In Kazakhstan, the second-largest lake in Central Asia, Lake Balkhash, is in danger of drying up.

The United Nations Development Program (UNDP) has said that Kazakhstan should adopt better water-management practices. The report says it should cooperate with China over the usage of the Ili River, the lake’s main contributor.

Myrzageldy Kemel, from the Kazakh parliamentary Committee on the Protection of the Environment and Ecology, tells RFE/RL that the increasing usage of the Ili’s water could have repercussions comparable to the Aral Sea tragedy.

"If the level of the [Ili] River decreases, the environment along the [lake’s] banks will be affected drastically. Local citizens will suffer a lot. Now, nobody is paying attention to this, although in about 50 years [the situation] might be even worse than in the Aral Sea," Kemel says.

Lake Hamoun, which is shared by Iran and Afghanistan, has also dramatically suffered from the damming of the Helmand River on Afghan territory and seven years of drought.

Iranian environmentalist Esmail Kahrom says the wildlife, towns, fisheries, and agriculture that once surrounded the nearby wetlands have fallen away, giving rise to a wasteland.

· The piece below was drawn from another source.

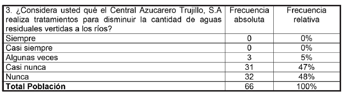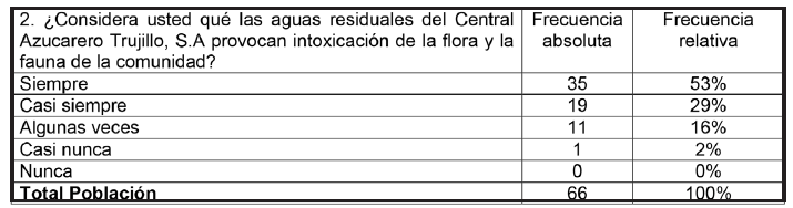 Tomando en cuenta los resultados obtenidos se puede decir que la población considera que la empresa no está realizando ningún tratamiento para controlar la cantidad de aguas residuales vertidas a los ríos, la comunidad expresa que estas aguas producen contaminación del agua y además están afectando su flora y su fauna; esto coincide con la percepción expresada en el gráfico 1 y 2 al considerar a las aguas residuales del Central Azucarero Trujillo, S.A como un agente contaminante.

"This lake [almost] disappeared from the face of the earth and the environmental consequences were dramatic. Sand storms created as a result of lack of water in this lake really hurt people. About 250,000 [people] migrated from the area and took their livestock," Kahrom says.

Kahrom says recent rainfalls have refilled one-quarter of the lake. But the Afghan side continues to over-exploit the Helmand’s waters.

Lakes are not only being drained dry. According to the UNDP, farms, mines, refineries, and other industries are heavily polluting Lake Balkhash.

In neighboring Kyrgyzstan, Lake Issykul came close to catastrophe in 1998 when a truck crashed and dumped over 1.7 tons of toxic sodium cyanide into the Barskaun River, which flows into the lake. Four people living upstream died from poisoning but the lake has reportedly not suffered serious damage.

As for Baikal in Siberia, the global conservation organization WWF says the deepest lake in the world is subject to major threats. Those threats stem from pulp mills, aluminum plants, and other enterprises that dump pollutants into the lake and its tributaries.

Toxic waste is also polluting much of the Caspian Sea’s coastline, threatening human health and wildlife. The Caspian is the largest inland body of water on earth.

Kahrom urges countries to cooperate to protect lakes and other ecosystems. "Environmental issues are worldwide issues. But we are still looking at problems [domestically] in a limited area. The way to the future is to think globally and act locally to solve our problems. Aral Sea was a great lesson [but] we don't seem to have learned anything from it yet," he says.

Larsen from the Earth Policy Institute agrees. She calls on countries to begin realizing the benefits of keeping lakes intact.